Tenshō Iga War (天正伊賀の乱, Tenshō Iga no Ran) is the collective name for the conflicts between the Iga ikki and the Oda clan during the Sengoku period. The province was conquered by Oda Nobunaga in 1581 after an unsuccessful attempt in 1579 by his son Oda Nobukatsu. The third insurrection occurred in June 1582, after Oda Nobunaga's deaths during the Honnoji Incident.

The names of the wars are derived from the Tenshō era name (1573-1592) in which they occurred. Other names for the campaign include "The Attack on Iga" (伊賀攻め, Iga-zeme) or "Pacification of Iga" (伊賀平定, Iga Heitei).

==Background==
Geographically, the Iga region was surrounded by mountains on all sides that could be passed through only via narrow pathways. This, plus the distance of the region from major transportation routes, meant that Iga was easily defendable by a relatively small number of men and was not a priority target for outside forces. The Niki clan had served as shugo of the province for the Ashikaga shogunate, but their control had never been strong and soon weakened further as the shōgun's authority diminished. No great warlord rose to take their place, although the Rokkaku to the north and the Kitabatake to the east extended their influence over parts of the province. Instead, as also happened in some neighboring areas, the province came to be controlled by a league (ikki) of the numerous local warrior clans (jizamurai) which had formed to defend the area's independence from outside military forces. The earliest details of the league are unknown, but by the mid-16th century it had been formalized as an organization known as the "league of all the commons of Iga" (伊賀惣国一揆, Iga Sōkoku Ikki), or Iga ikki.

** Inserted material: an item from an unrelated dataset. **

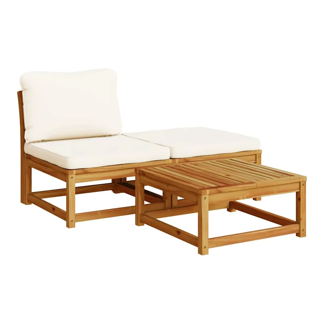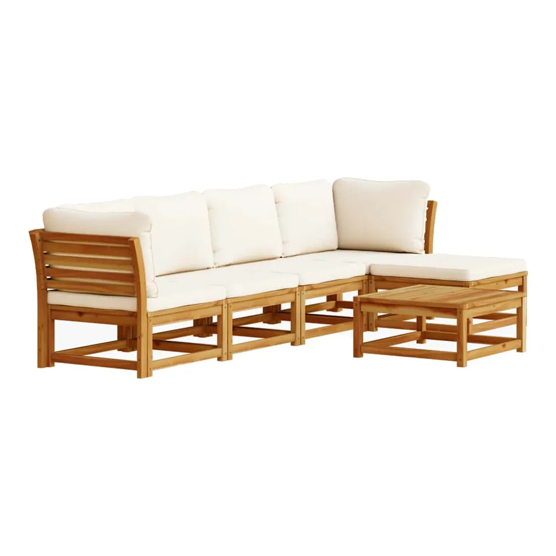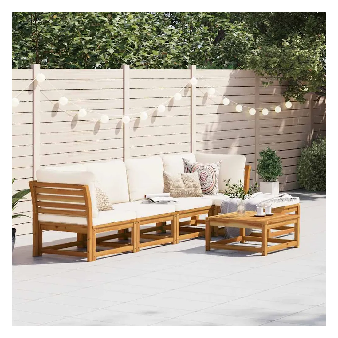 Cet ensemble de salon de jardin en bois avec coussins a un design élégant et constitue un excellent choix pour vous détendre et profiter du jardin ou du patio. Bois d'acacia massif : le bois d'acacia massif est un matériau naturel magnifique. Le bois d'acacia un bois dur tropical, qui est dense, robuste et durable.Expérience d'assise confortable : le dossier et les coussins rembourrés rendent l’ensemble de canapé de jardin plus confortable pour s'asseoir.Conception à lattes : la conception à lattes de l’ensemble de meubles en bois empêche efficacement l'eau de s'accumuler, ce qui garantit que l'assise reste sèche et exempte de tout risque de pourriture.Conception modulaire : cet ensemble de meubles d'extérieur a une conception modulaire, ce qui le rend complètement flexible et facile à déplacer, afin que vous puissiez créer un agencement de meubles d'extérieur personnalisé. Bon à savoir :Pour que vos meubles d'extérieur restent beaux, nous vous recommandons de les protéger avec une housse imperméable.

Following the Battle of Okehazama in 1560, Oda Nobunaga of Owari province began his rise as a prominent daimyō of central Japan, rapidly expanding his territory. In 1567 he began his invasion of Ise province, which was then largely under the control of the Kitabatake clan. He slowly caused the Kitabatake vassals to switch to his side, and forced Kitabatake Tomofusa, the head of the clan, to sue for peace following the Battle of Okawachi Castle in 1569. As part of the peace agreement, Tomofusa adopted Nobunaga's son Nobukatsu as his heir, ceding much of his authority to the Oda. In December 1576 Nobunaga and Nobukatsu assassinated most of the remaining Kitabatake leadership (the Mise Incident), cementing their control of Ise.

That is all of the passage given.